* What you are asked to do *
The line containing "- Includes Passenger", and every line after it to the end of the listing, should be repeated exactly; the pictures should not.

----

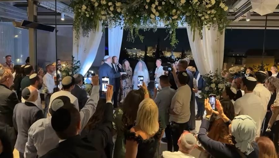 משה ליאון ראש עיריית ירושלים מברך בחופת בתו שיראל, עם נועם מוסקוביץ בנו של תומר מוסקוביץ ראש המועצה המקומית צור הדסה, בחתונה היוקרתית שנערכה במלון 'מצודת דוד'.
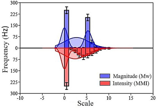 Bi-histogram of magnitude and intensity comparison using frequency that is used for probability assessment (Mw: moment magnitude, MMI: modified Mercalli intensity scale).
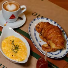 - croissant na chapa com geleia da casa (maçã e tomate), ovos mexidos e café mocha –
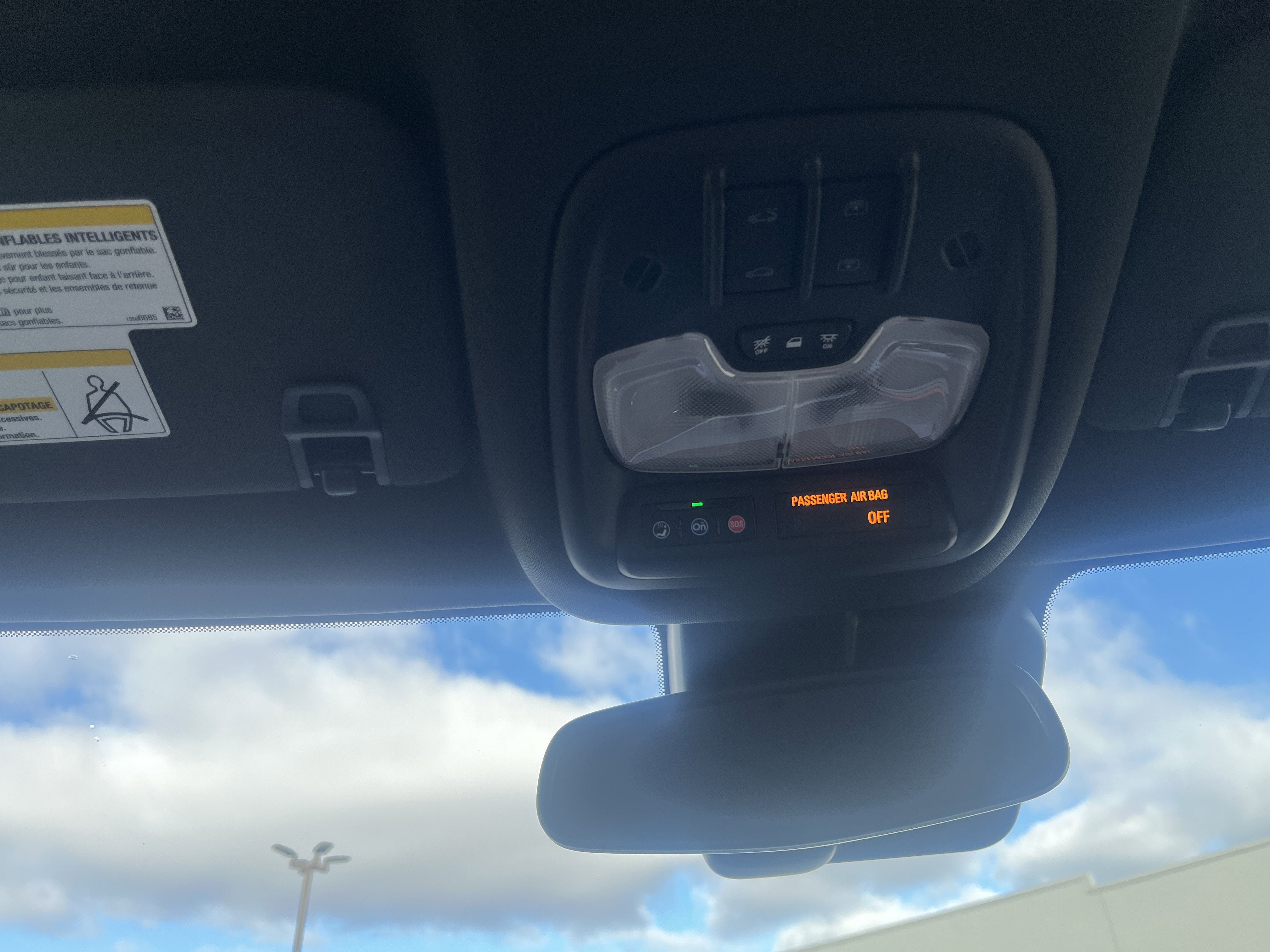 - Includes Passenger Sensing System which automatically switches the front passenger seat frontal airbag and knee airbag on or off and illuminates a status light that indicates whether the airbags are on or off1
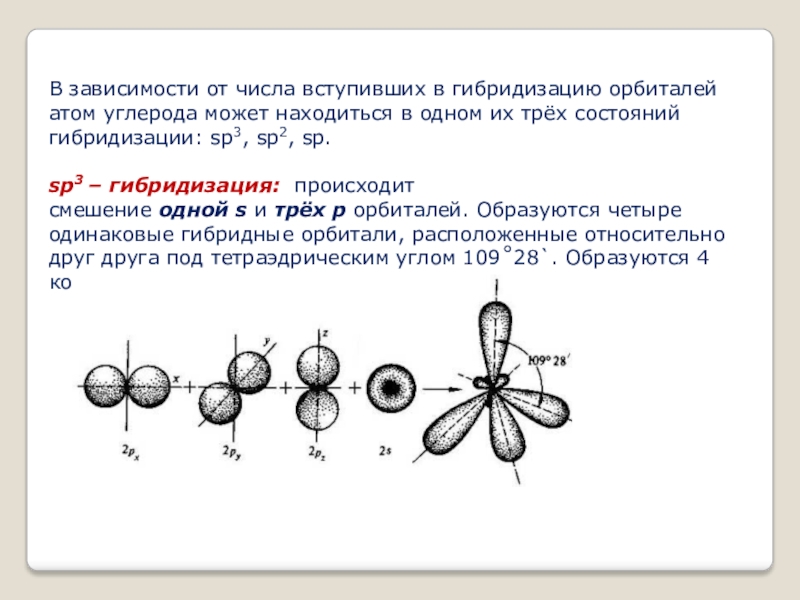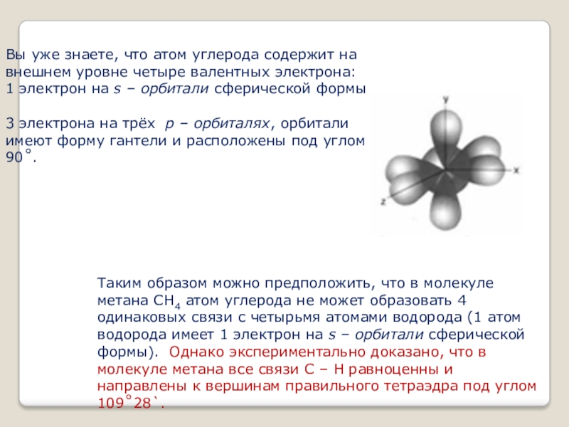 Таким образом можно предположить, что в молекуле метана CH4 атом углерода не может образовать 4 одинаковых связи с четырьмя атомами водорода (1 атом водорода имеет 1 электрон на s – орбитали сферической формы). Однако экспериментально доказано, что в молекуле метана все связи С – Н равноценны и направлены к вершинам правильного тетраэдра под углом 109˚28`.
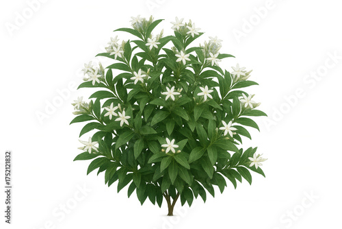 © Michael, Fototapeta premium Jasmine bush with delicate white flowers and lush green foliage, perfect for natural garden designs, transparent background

----

* Output below *
 - Includes Passenger Sensing System which automatically switches the front passenger seat frontal airbag and knee airbag on or off and illuminates a status light that indicates whether the airbags are on or off1
 Таким образом можно предположить, что в молекуле метана CH4 атом углерода не может образовать 4 одинаковых связи с четырьмя атомами водорода (1 атом водорода имеет 1 электрон на s – орбитали сферической формы). Однако экспериментально доказано, что в молекуле метана все связи С – Н равноценны и направлены к вершинам правильного тетраэдра под углом 109˚28`.
 © Michael, Fototapeta premium Jasmine bush with delicate white flowers and lush green foliage, perfect for natural garden designs, transparent background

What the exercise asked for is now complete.